Abbreviations: DPI, dry powder inhaler; pMDI, pressurized metered dose inhaler; SMI, soft mist inhaler; VMT, vibrating mesh technology.

Generally, patients that commit errors during inhalatory therapy hiring, tend to be older, more debilitated and to have a severe disease. In elderly patients, unintentional nonadherence to inhalation therapy often comes from cognitive impairment, hearing or visual loss, and other physical disabilities, such as arthritis and tremors resulting in poor coordination, which significantly affect their ability to understand and follow the suggested treatment. Complex pharmacological regimens are also secondary to multiple chronic comorbidities, representing a major risk factor for impaired adherence.25

Glycopyrrolate by nebulizer

Taking into account the aging population and the projected increase in the prevalence of respiratory tract diseases, patients with COPD will become older, and treatment options that do not require an optimal coordination for activation/inhalation or require a flow threshold to be activated will become the preferable treatment option.

To date, nebulized muscarinic antagonists are limited to short-acting formulations (SAMAs), while β-agonists are available both as short-acting (SABAs) and as long-acting formulations (aformoterol tartrate), the latter approved only in the USA. SAMA and SABA, in addition to being the treatment choice in acute conditions, are also often suggested for maintenance treatment in selected COPD patients.
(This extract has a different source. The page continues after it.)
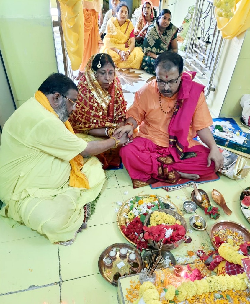 जमशेदपुर: बिरसानगर जोन नंबर 2 बी, मोहरदा में नवनिर्मित मां पीताम्बरा मंदिर में श्री गणेश मूर्ति प्राण प्रतिष्ठा, वास्तु पूजन और मां पीताम्बरा प्राण प्रतिष्ठा का तीन दिवसीय धार्मिक अनुष्ठान जारी है. इस अनुष्ठान के दूसरे दिन, गुरुवार को श्री गणेश मूर्ति प्राण प्रतिष्ठा, वास्तु पूजन और मां पीताम्बरा प्राण प्रतिष्ठा का अनुष्ठान एवं हवन किया गया.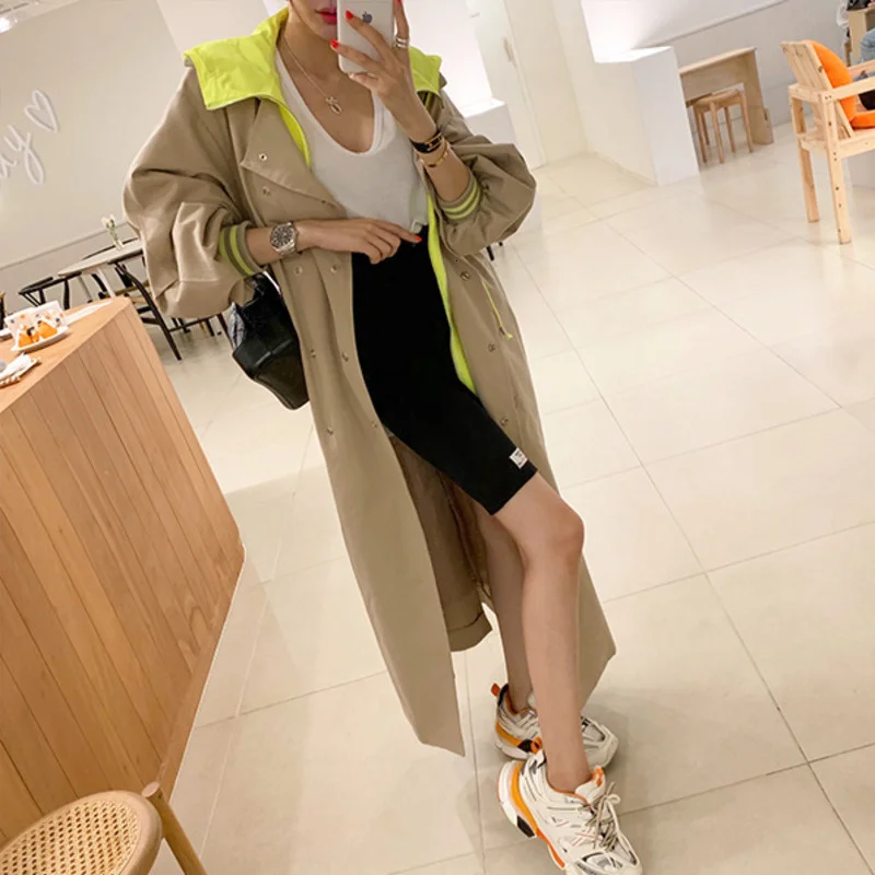 Elevate your style game with our Spring Tide Autumn Trench Coat! 🧥 What it is - Stay on-trend with this Korean Khaki Long Coat featuring a hood for a chic and cozy look. Perfect for the fall season!

However, to maintain an optimal bronchodilation coverage, three or four doses per day are needed when SAMA and SABA are delivered via a general purpose jet nebulizer. The latter are usually bulky, characterized by limited portability and with dispensing times of 10–15 minutes per dose, aspects that likely affect patients’ compliance. In view of the aforementioned limitations, the lack of long-acting molecules that would reduce the daily posology and a shorter delivery time appear desirable.30

The GOLD document recommends nebulizers to be used in specific populations, such as patients with inspiratory flow rates as low as <30 L/s or patients with poor hand-eye coordination.1 Furthermore, the benefits of nebulizer treatment over DPI and MDI formulations should be evaluated symptomatically and the treatment should be continued as long as similar benefits are not achievable by simpler, cheaper, and more portable alternatives. Indeed, recent surveys reported both patients and their caregivers to be increasingly satisfied with nebulized drug delivery, in terms of symptom relief, ease to use, and improved quality of life.10,11,31

Nebulizers can convert a liquid into aerosol droplets suitable for patient inhalation. Currently, the technologies available are mainly represented by air-jet nebulizers, the most widely used, and ultrasonic nebulizers. There are also two pysicochemical categories of drugs available for nebulization: solutions and suspensions. Solutions contain a drug dissolved in saline or other liquids. Suspensions contain a drug that is not soluble in water or other respirable liquids but exist as a mixture of small drug particles suspended in liquid, which jeopardizes their presence in each droplet generated during the nebulization process. Conventional ultrasonic nebulizers cannot be used to administer suspensions.30

Due to their safety profile and to a better exacerbation-preventing effect compared to LABAs,32,33 LAMAs are usually the preferred starting therapy for COPD patients, but no nebulized LAMA is actually available on the market. As a part of the maintenance treatment of patients with COPD, in last years, glycopyrronium bromide (GB) has been developed and available as a single agent, in combination with LABAs,34–36 or in triple therapy in fixed dose combination with LABAs and inhaled corticosteroids (ICSs).37,38 The effects of GBn have been studied since 1984 in patients affected by asthma and since 1995 in patients with COPD.39,40 Interestingly, probably due to its limits in administering time and portability, nebulization was the first to be studied, but the least to be proposed on the market. In the last years, several clinical trials have investigated a nebulized formulation of GBn delivered by a high efficiency nebulizer, which is currently awaiting for the US Food and Drug Administration (FDA) approval as maintenance therapy in COPD patients.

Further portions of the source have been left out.